Despite this downturn, many investors managed to make smart investments and turn a profit in the UK stock market in 2022. Those who took advantage of the volatility and investigated how to buy shares were able to capitalize on short-term gains, while those with more conservative outlooks chose to hold onto their stocks for longer-term gains.
Here we run through the top-performing stocks in 2022, and it will be interesting to see if they manage to see similar success into next year and beyond.
Pearson, an educational publishing group, had its shares rise by 53% due to takeover offers from US private equity firm Apollo and positive momentum within the company, as the new CEO’s strategy started to show results. The business also experienced margin improvement. In recent years, Pearson has struggled as the US education sector shifted online but has now found success selling directly to consumers.

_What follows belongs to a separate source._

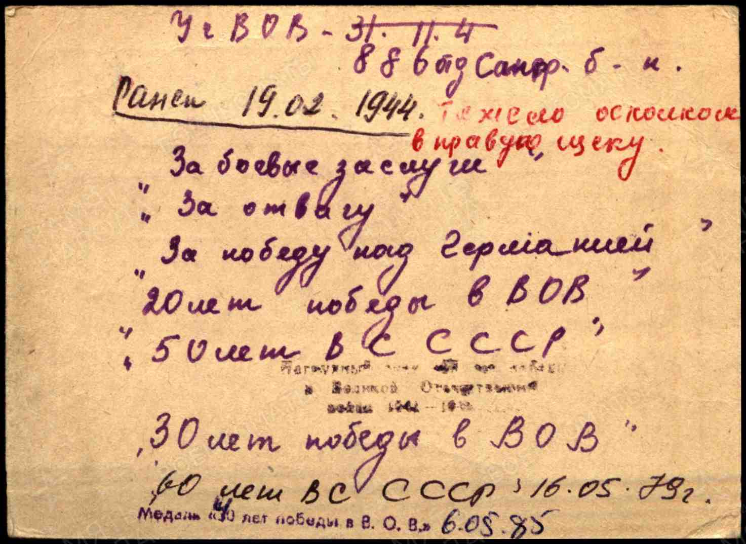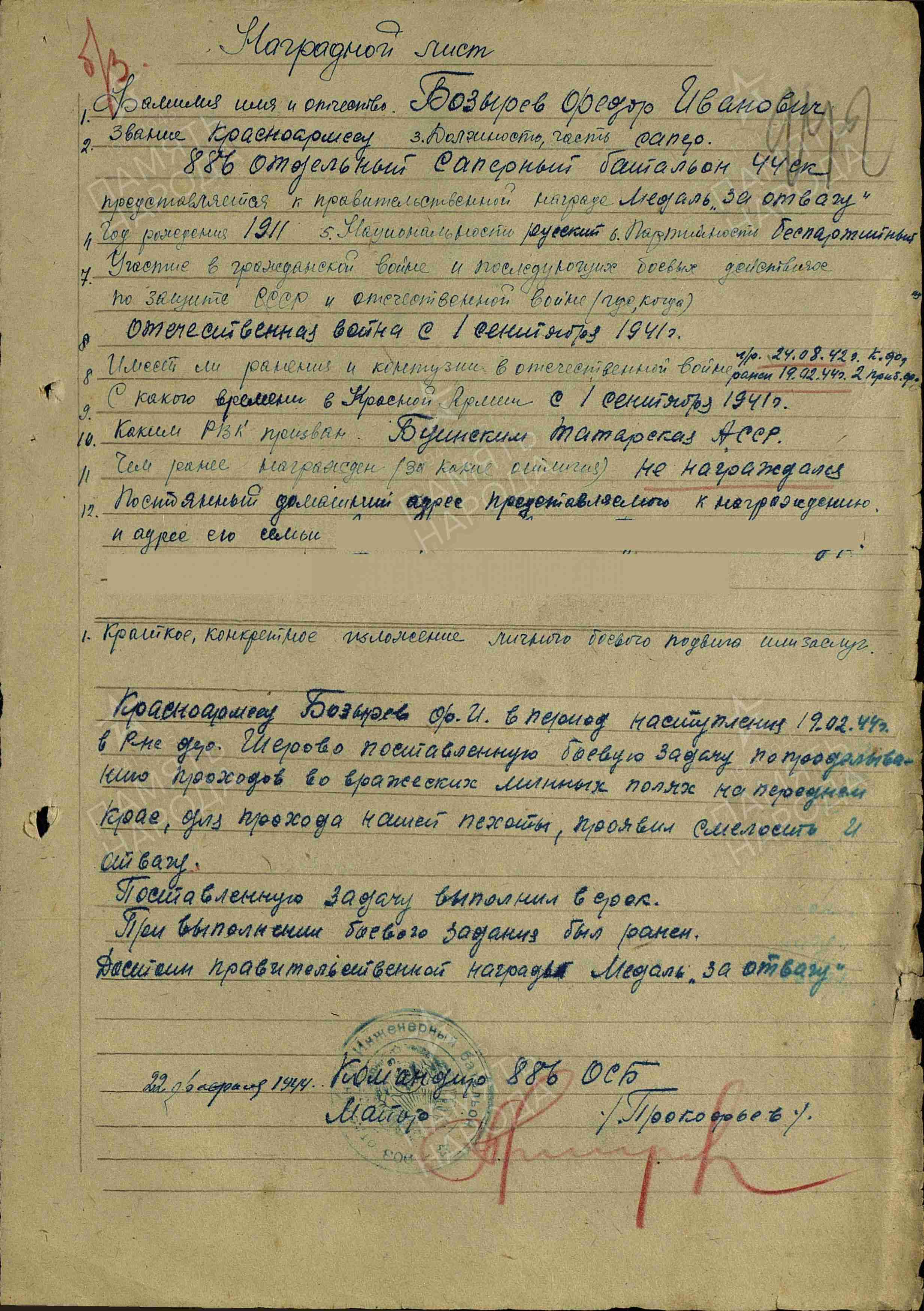 Призван 08.1941г. Буинским РВК, ТАССР. В Великой Отечественной войне участвовал с 30.11.1941 по 19.02.1944 года. Воинское звание красноармеец; рядовой сапёр- минер. Воинская часть 886 отдельный саперный батальон. Тяжело ранен осколком в правую щеку 19.02.1944г.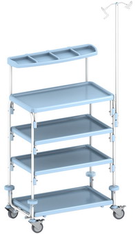 Поддон тележки выполнен из нетоксичного химически стойкого и ударопрочного полистирола и полированной нержавеющей стали.

In a year marked by conflict in Ukraine and its global repercussions, it is not surprising that investors sought out opportunities in the defense sector. As a leading player in this industry, BAE Systems was a popular choice for those looking to invest in a company with the potential for significant growth in future earnings. BAE’s strong performance in terms of trading and improved profit margins contributed to this demand. In November, the company announced that many of the countries in which it operates had either already increased or were planning to increase defense spending. These factors, along with steadily improving earnings forecasts for 2022 and 2023, helped drive a 51% increase in BAE’s share price.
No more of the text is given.